Relator claims that because of his appointment under Article 26.04(a) until all appeals were exhausted, Respondent has a ministerial duty under Article 26.05(a)(3) to compensate Relator for filing the petitions for discretionary review. We disagree because the 1987 amendments to Articles 26.04 and 26.05 and the addition of Article 1.051(d) retain the holdings of Ayala and Polk subject to the exceptions set out in Article 1.051(d)(3) and (4), V.A.C.C.P., which are not applicable here.

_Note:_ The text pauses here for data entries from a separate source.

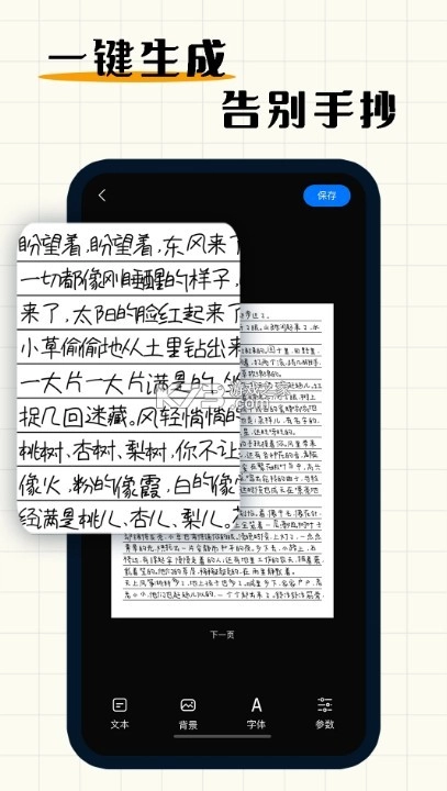 《手写模拟器》手机版现在免费提供一键生成手写内容的功能啦,不管是检讨书、手抄笔记还是手抄课本,都能轻松一键生成,而且效果特别逼真。手写字体、字间距这些参数都可以自由调整,甚至还能添加错字涂抹的效果,让生成的内容更贴近真实手写的感觉哦。
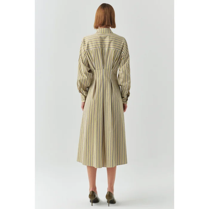 Product: Striped Shirt Collar Long Sleeve Slim Fit Midi Dress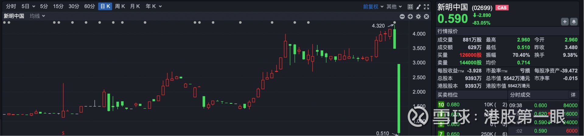 此外,又见公司股价暴跌。今日早间,新明中国(02699.HK)下跌超80%,股价最低报0.51港元,大跌之后该公司市值已低于6000万港元。9月30日,公司公布中期业绩亏损1.37亿元,上年同期亏3.35亿元。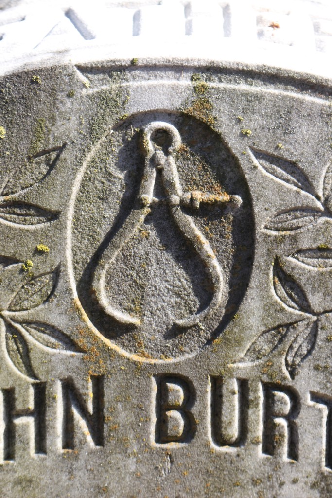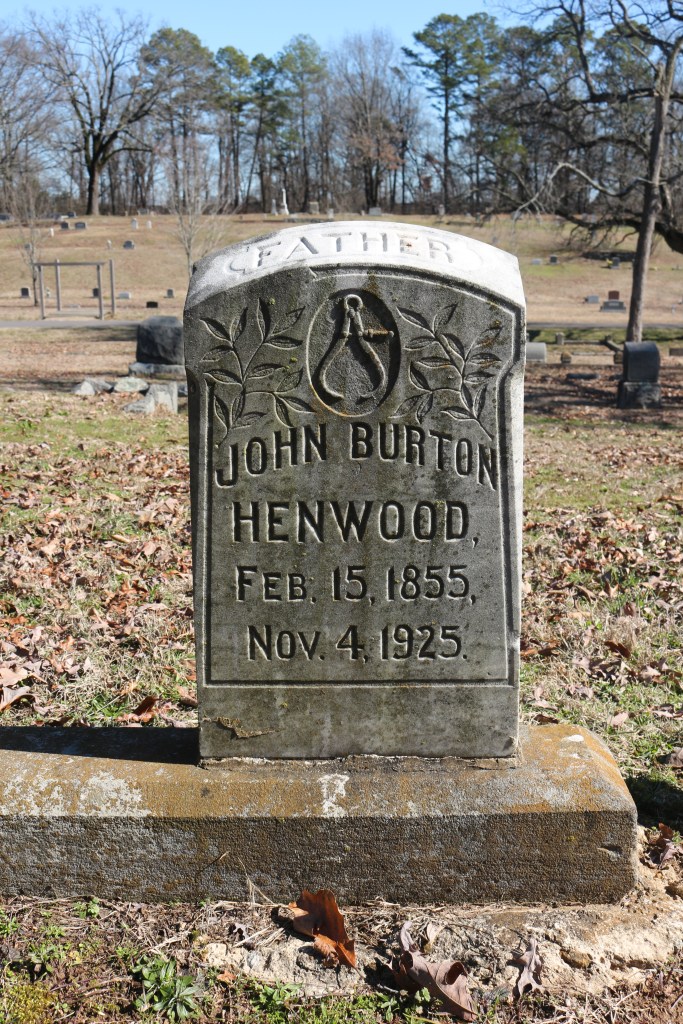 The white marble segmented-top gravestone of John Burton Henwood in the Oakland Cemetery in Little Rock, Arkansas, displays a caliper. Perhaps this is a nod to his profession–but what profession would that be? Any help?

Consistent with Polk, Article 1.051(d)(2) provides for the appointment of counsel in an “appeal” to the Court of Criminal Appeals only if a petition for discretionary review has been granted, and Article 26.05(a)(3) provides for a reasonable attorney’s fee for preparation of an appellate brief to the Court of Criminal Appeals. An appellate brief is not filed in the Court of Criminal Appeals unless a petition for discretionary review has been granted. See Tex.R.App. Proc. 203. There is nothing in the language of either Article 26.05(a)(3) or Article 1.051(d)(2) to indicate the Legislature intended for the appointment or compensation of counsel to file a petition for discretionary review.

In addition, Article 26.04(a), in relevant part, provides for court-appointed counsel for an indigent appellant until “appeals are exhausted.” Article 1.051(d) defines those “appeals” for which an indigent appellant is entitled to court-appointed counsel. Consistent with Ayala, the filing of a petition for discretionary review is not included in any of these definitions, and the court has made no finding, pursuant to Article 1.051(d)(4), V.A.C.C.P., “that the interests of justice require representation.”6

Relator also claims Respondent’s failure to authorize payment violates the indigent appellants’ due process and equal protection rights and also denies them adequate access to this State’s courts. Assuming Relator has standing to assert these claims, we rejected them in Ayala and we reject them now. Texas actually provides more protection to an indigent appellant in appellate proceedings than what the United States Constitution requires. See generally Ross v. Moffitt, 417 U.S. 600, 94 S.Ct. 2437, 41 L.Ed.2d 341 (1974); see also Douglas v. California, 372 U.S. 353, 361-64, 83 S.Ct. 814, 818-20, 9 L.Ed.2d 811 (1963). We hold an indigent appellant is not automatically entitled to assistance of court-appointed counsel to file a petition for discretionary review, and Respondent has no ministerial statutory duty in this case to authorize payment for the services Relator performed in filing the petitions for discretionary review. See Polk, 676 S.W.2d at 411; Ayala, 633 S.W.2d at 527-28.

Mandamus relief is denied.

MEYERS, J., not participating.

. See Acts 1965, 59th Leg., p. 317, ch. 722, section 1, eff. January 1, 1966. See also Historical Note to current Article 26.04.

. See Acts 1981, 67th Leg., p. 803, ch. 291, section 106, eff. September 1, 1981. See also Historical Note to current Article 26.05.

. See Acts 1987, 70th Leg., ch. 979, section 2, effective September 1, 1987.

. See Acts 1987, 70th Leg., ch. 979, section 3, eff. September 1, 1987.

.Article 1.051(d) provides that an "eligible indigent defendant” is entitled to court-appointed counsel in the following appellate and postcon-viction habeas corpus matters: (1) an appeal to a court of appeals; (2) an appeal to the Court of Criminal Appeals if the appeal is made directly from the trial court or if a petition for discretionary review has been granted; (3) a habeas corpus proceeding if the court concludes that the interests of justice require representation; and (4) any other appellate proceeding if the court concludes that the interests of justice require representation.

. Cf. Faulder v. Hill, 612 S.W.2d 512, 526-28 (Tex.Cr.App.1981) (on appellant's mot. for reh’g) (Dally, J., concurring) (State's petition in the United States Supreme Court for review by cer-tiorari is not an “appeal”).